Task statement:
Copy all entries exactly, and wherever an entry holds a picture, leave that picture out.

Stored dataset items
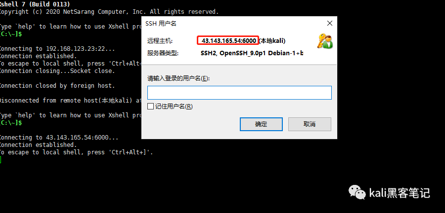 即映射效果为:43.143.165.54:6000 == 192.168.123.23:22
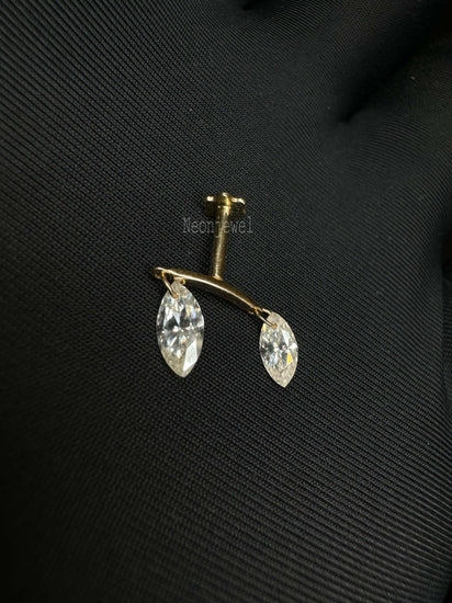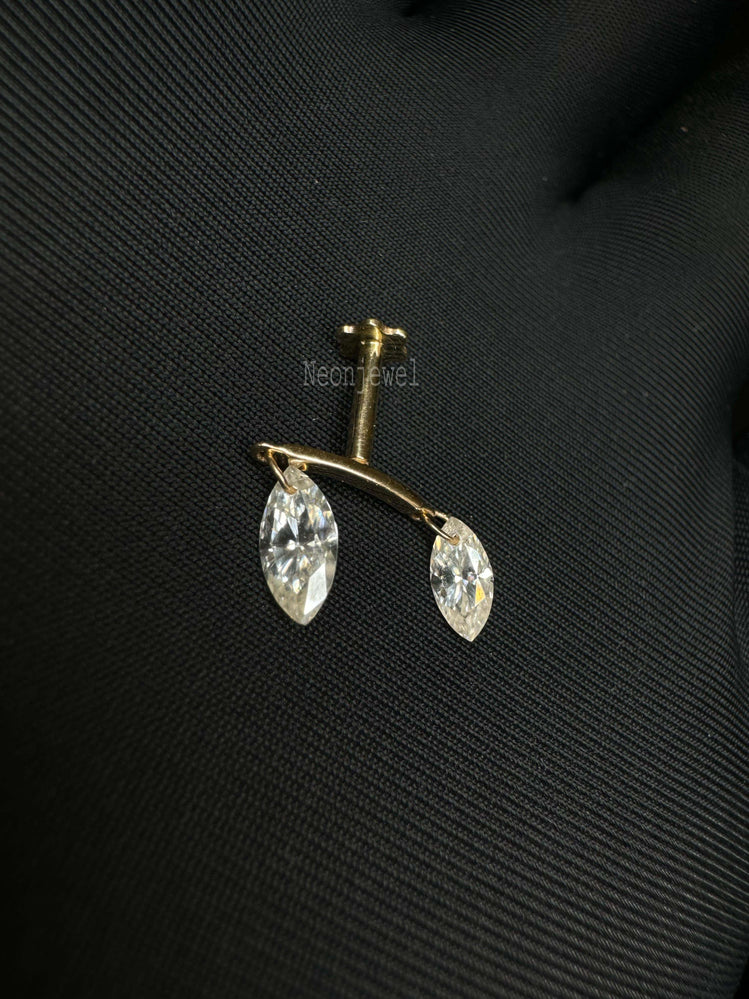 Margaret Floating Double Marquise Diamond Drape Threaded Stud Earring 14k Solid Yellow Gold Studย
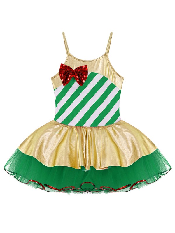 Kids Girls Adjustable Straps Stripes Print Sequins Bowknot Adorned Mesh Tutu Dress Dance Jumpsuit.
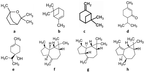 Two molecular dimensional structures of the eucalyptus compounds used in this study: (a) 1, 8-cineole (eucalyptus), (b) α-pinene, (c) β-pinene, (d) terpinen-4-ol, (e) piperitone, (f) allo-aromadendrene, (g) aromadendrene, and (h) α-gurjunene.
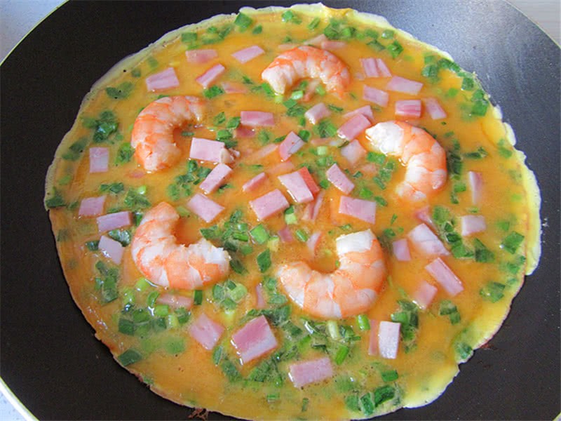 烙厚蛋饼很考验你的手艺哦,一不小心可就糊掉啦!注意按照果子的方法:平底锅预热,擦少许油,调至中火,分三次倒入蛋液,注意不用一下全倒完,这样分次可以让蛋液熟的快,而且在操作时候把锅拿起来慢慢摇晃,让蛋液滚成一块自然的大蛋饼形状,还不易焦糊,锅铲全程都可以不用一下哦

Expected answer:
 即映射效果为:43.143.165.54:6000 == 192.168.123.23:22
 Margaret Floating Double Marquise Diamond Drape Threaded Stud Earring 14k Solid Yellow Gold Studย
 Kids Girls Adjustable Straps Stripes Print Sequins Bowknot Adorned Mesh Tutu Dress Dance Jumpsuit.
 Two molecular dimensional structures of the eucalyptus compounds used in this study: (a) 1, 8-cineole (eucalyptus), (b) α-pinene, (c) β-pinene, (d) terpinen-4-ol, (e) piperitone, (f) allo-aromadendrene, (g) aromadendrene, and (h) α-gurjunene.
 烙厚蛋饼很考验你的手艺哦,一不小心可就糊掉啦!注意按照果子的方法:平底锅预热,擦少许油,调至中火,分三次倒入蛋液,注意不用一下全倒完,这样分次可以让蛋液熟的快,而且在操作时候把锅拿起来慢慢摇晃,让蛋液滚成一块自然的大蛋饼形状,还不易焦糊,锅铲全程都可以不用一下哦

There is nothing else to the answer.